Loriano glanced at the bedroom again. That was why he’d never heard about her youthful experiences: they’d ended with the shame of vaginal infections. He for
gave his wife everything, if there was something to forgive. “Didn’t anything happen to you?” he asked with a hint of irony.
“I stopped sleeping.”
“That’s still a problem now, I hear.”
“After a week without any sleep, I couldn’t even remember my home address. Mom sent me to bed with giant cups of chamomile and valerian tea, but it didn’t help.”
“The power of suggestion can play nasty tricks.”

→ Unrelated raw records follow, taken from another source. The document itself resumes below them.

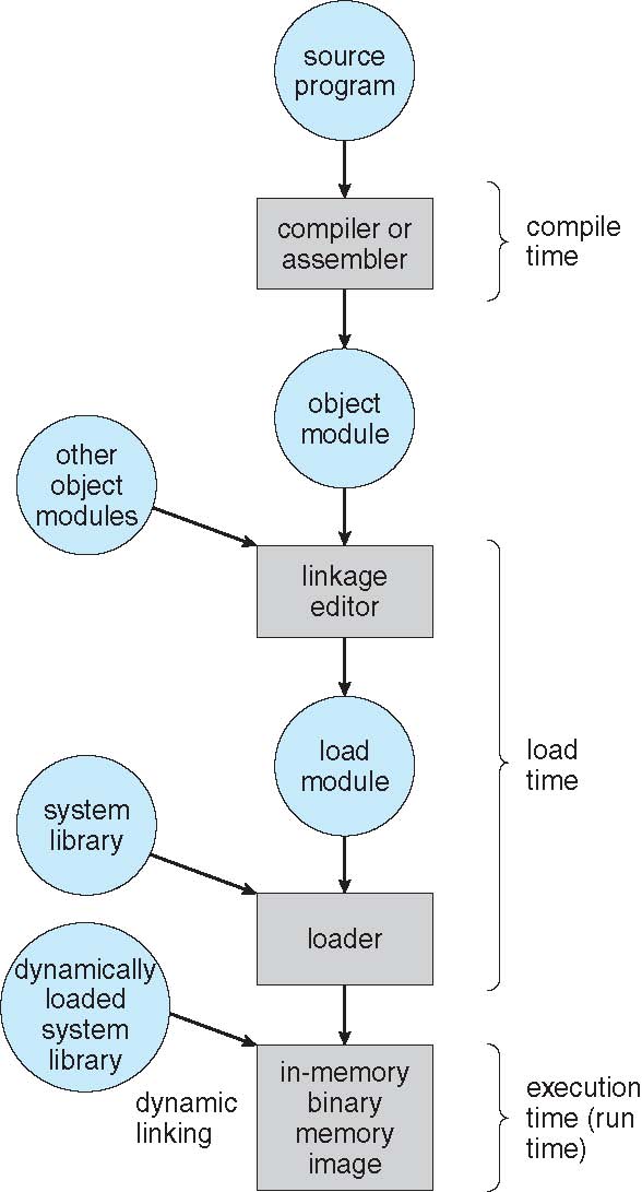 - Address binding of instructions and data to memory addresses can happen at three different stages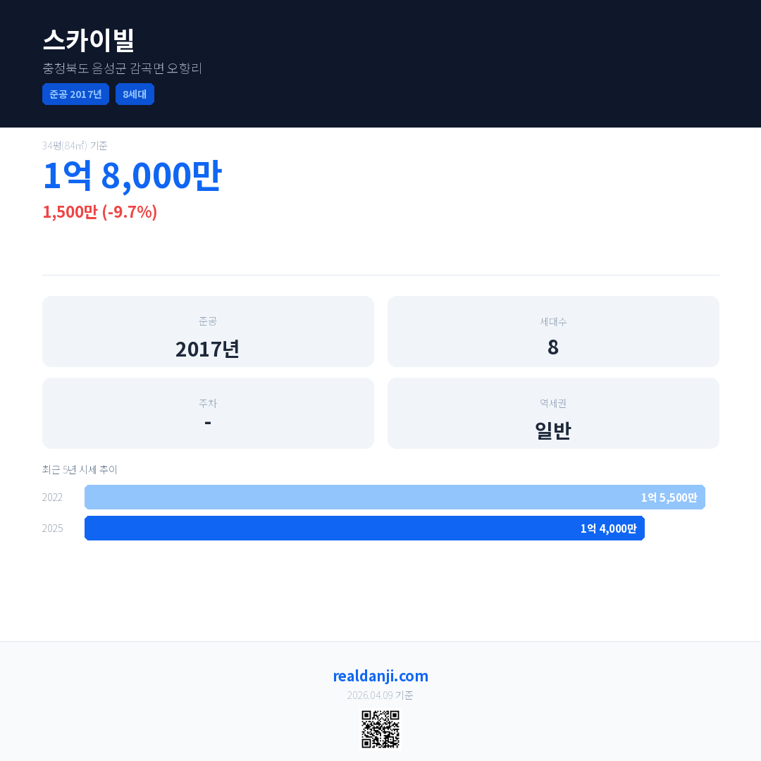 스카이빌 국민평형 기준 2025년 평균 거래가는 1억 4,000만으로, 전년 대비 9.7% 하락 했습니다.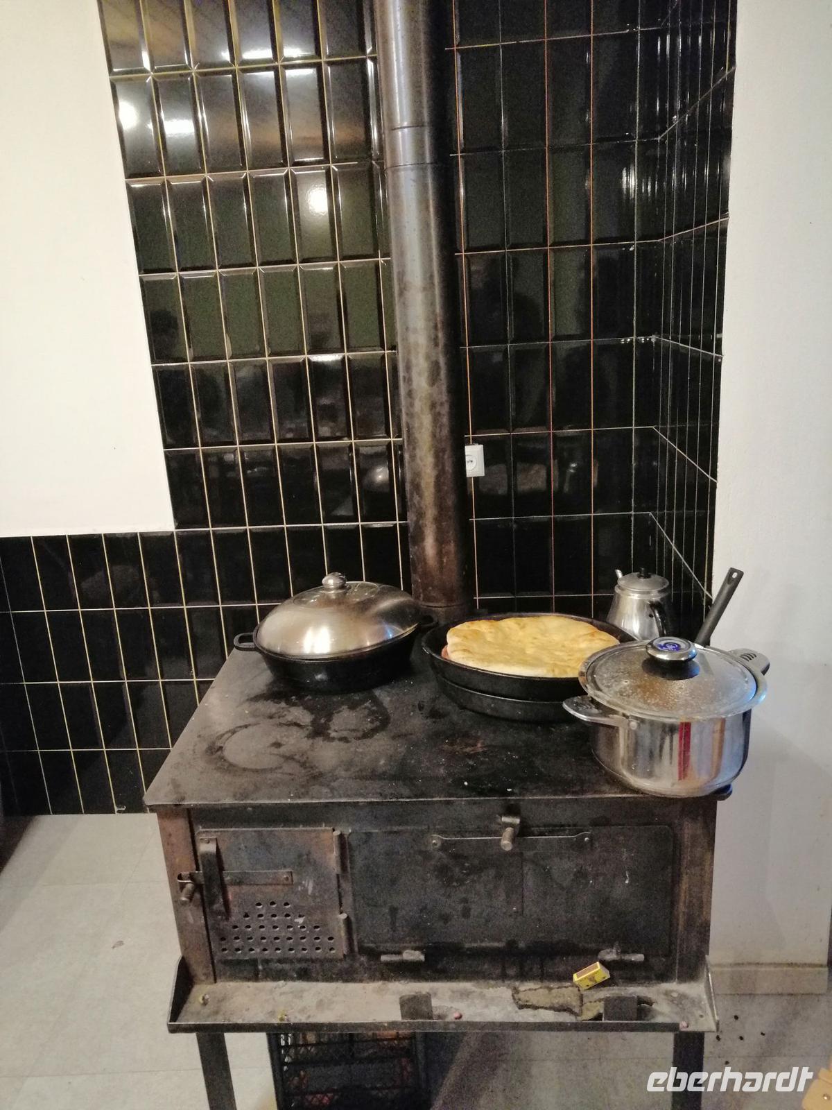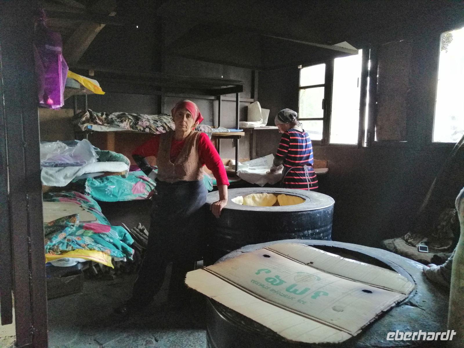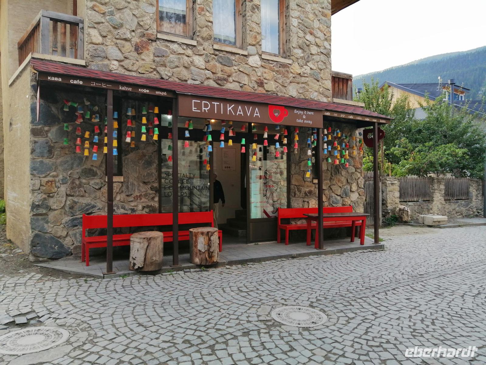 Die kurze Kaffeepause unterwegs mit einem echt guten Kaffee im Café Lavazza hat uns allen gut getan! Mestia (1.500 m hoch) erreichten wir kurz nach 17 Uhr. Im neuen Hotel Shgedi gab es als Begrüßung ein Tschascha (georgischer Weinbrand). Nach dem Abendessen direkt im Hotel unternahmen wir einen Spaziergang durch die Stadt und trafen zufällig einen Bäcker, der uns in seine Backstube eingeladen und sein Handwerk gezeigt hat. Wir freuten uns auf die kommenden Tage in Swanetien!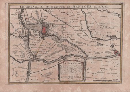 Carta geografica tratta da "L'Atlas Curieux ou Le Monde Représenté dans des Cartes Générales et Particulières du Ciel et de la Térre" stampato a Parigi da Nicola De Fer tra il 1700 ed il 1705.L'Atlas Curieux è una sorta di enciclopedia geografica, che uscì in sei parti annuali tra il 1700 e il 1705.Le tavole sono basate sulle nuove osservazioni dell'Académie des Sciences e sono disegnate e realizzate dal de Fer con l'aiuto di Philipe de La Hire.Incisione in ram,e in buono stato di conservazione.Literature: McLaughlin 1334; Nordenskiöld 72 (re. 1725 ed.); Pastoureau Fer I A. a-d; Phillips 532; Tooley p. 42. Map taken from "L'Atlas Curieux ou Le Monde Représenté dans des Cartes Générales et Particulières du Ciel et de la Térre" printed in Paris by Nicolas De Fer.The "Atlas Curieux" is geographic encyclopedia of images and maps. issued in six annual parts from 1700-1705, the maps are based on the new observations of the Académie des Sciences, and drawn up with the assistance of Philipe de La Hire.Copperplate, good condition.Literature: McLaughlin 1334; Nordenskiöld 72 (re. 1725 ed.); Pastoureau Fer I A. a-d; Phillips 532; Tooley p. 42. Cfr. D. Ferrari, "Mantova nelle stampe", 50

Nives spoke as if she were reliving her past. “One of us with distemper and another with lesions. Donatella shut in her room, branded by the stench of a carcass. Then there was me, reduced to a shadow of myself.”
“A lovely invasion of bacteria, viruses, and other disturbances.”
“It was clear to us that it was a curse. Messing around with Renato had been fun, but afterwards even hearing his name gave us goosebumps.
“Better late than never.”
“One morning, they took Frida Bonelli to the hospital. We heard that she’d started having massive nose bleeds. After soaking a bed sheet, there seemed to be no way to stem the flow . . . she calmed down, too. Soon after, she decided to toe the line, and she only had eyes for her husband after that.”
“The germs were spread around the group. Together with the paranoia.”
“For Renato, it made no difference; he went and looked elsewhere. He’d already started hanging out in the city.”
“I remember him then. We sometimes met on the bus. I was loaded with books, and he was wearing this leather bomber jacket, like a US Air Force pilot. I really wanted one, but they were so expensive. We traveled together, me furiously taking notes and him staring out the window.”
“He’d already started.”
“To do what?”
“He used to go and see sprightly old ladies.”
“Ah, you mean that.”
“Yes, that. He would vanish from Monday to Saturday. Some wives went mad waiting for him, but the curse had already calmed the ardors of most of them. The hard part was staying firm when he was right there within slapping distance of you. He’d fix you with those green eyes, and you were already wet.”
“He used to go to his workshop.”
“What?”
“He liked painting. He told me about an artist that had taken a shine to him. He became his assistant. And learned something meanwhile.”